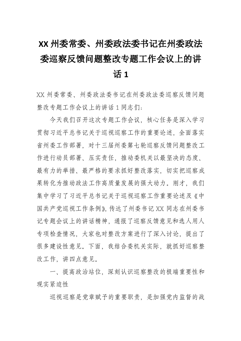 XX州委常委、州委政法委书记在州委政法委巡察反馈问题整改专题工作会议上的讲话1
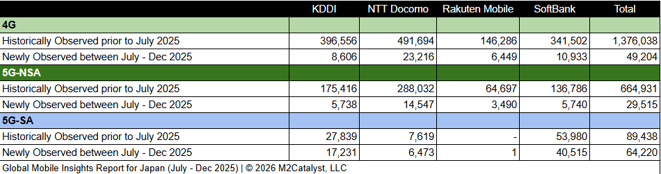 • The number of 5G-SA Cell IDs is approximately 45% of the newly observed Cell IDs with Softbank contributing over 63% of those.
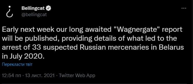 "В начале следующей недели будет опубликован наш долгожданный отчет "Вагнергейт", в котором подробно описывается, что привело к аресту 33 подозреваемых российских наемников в Беларуси в июле 2020 года", - говорится в сообщении.
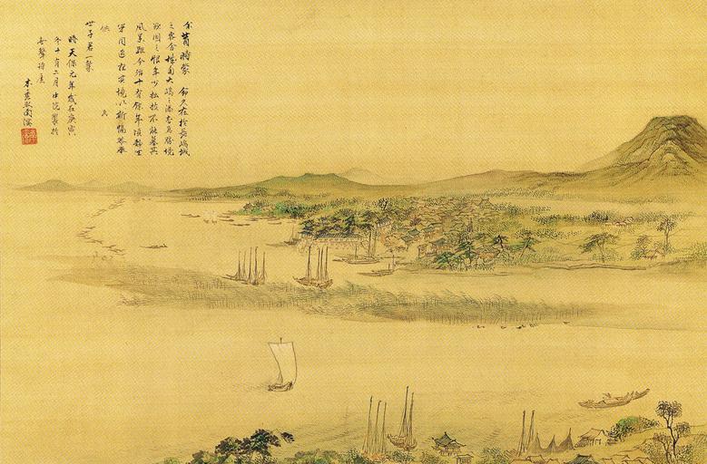 Haruki Nanmei Nagashima Kuwana Landscape 春木南溟筆 長島桑名真景図.jpg (2426x1595)

◆ **WHAT THE TASK ASKS**: Retype exactly, please, the span from the line holding "говорится в сообщении." through the closing line of the data, both ends included, without the pictures.

◆ **RESPONSE BELOW**:
 "В начале следующей недели будет опубликован наш долгожданный отчет "Вагнергейт", в котором подробно описывается, что привело к аресту 33 подозреваемых российских наемников в Беларуси в июле 2020 года", - говорится в сообщении.
 Haruki Nanmei Nagashima Kuwana Landscape 春木南溟筆 長島桑名真景図.jpg (2426x1595)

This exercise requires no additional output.